Kubernetes has an idea of a pod -- a group of containers that share an netns
and have an IP.

Reasons you might want a pod: * A thick client or client side proxy that
follows the ambassador pattern for service discovery and access. * A data-
loader and data-server pair. The loader would grab data from some persistent
source and write it to disk or a shared memory segment. The data-server would
then use that data and serve it up. You'd could run the data-loader at a lower
QoS so it doesn't stall the data-server. * Some sort of server and a log
saver. The log saver could periodically batch up and compress structured log
data and upload it to a persistent store (such as BigQuery in GCP). You want
to build/configure/restart/upgrade the log saver separately from the server.
You'd also run the log saver at a lower QoS.

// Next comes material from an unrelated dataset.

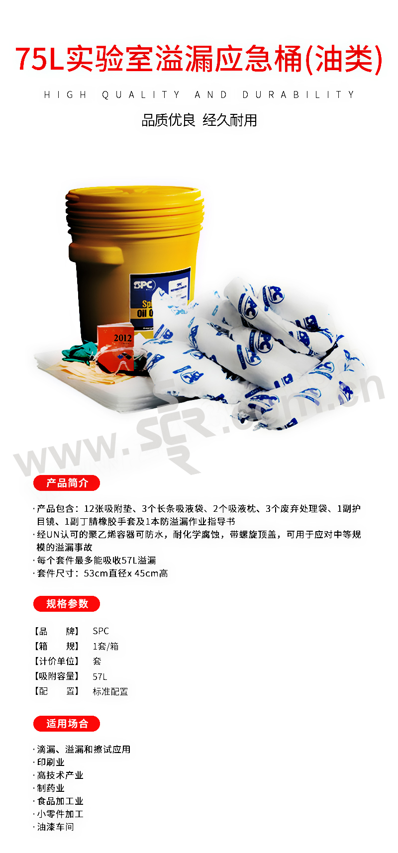·产品包含:12张吸附垫、3个长条吸液袋、2个吸液枕、3个废弃处理袋、1副护目镜、1副丁腈橡胶手套及1本防溢漏作业指导书

Inside of Google we have all sorts of examples where we have sets of
containers/tasks/processes that are co-scheduled onto a machine and work
together.

------
vquemener
FYI there's already an open source software going by the name of Rudder :
[http://en.wikipedia.org/wiki/Rudder_(software)](http://en.wikipedia.org/wiki/Rudder_\(software\))

------
mrmondo
"... it has almost no affect on the bandwidth." \- looking at those numbers
it's not the case at all, those numbers are really low to start with (as AWS
isn't exactly the fastest) but obviously this would be much more noticeable at
the higher end of the scale when we're talking about 100-200MB/s transfer
rates, not to mention nearly doubling the latency!

------
kapilvt
also works great with lxc, i pushed a juju charm which automates the config
for lxc
[http://bazaar.launchpad.net/~hazmat/charms/trusty/rudder/tru...](http://bazaar.launchpad.net/~hazmat/charms/trusty/rudder/trunk/view/head:/readme.txt)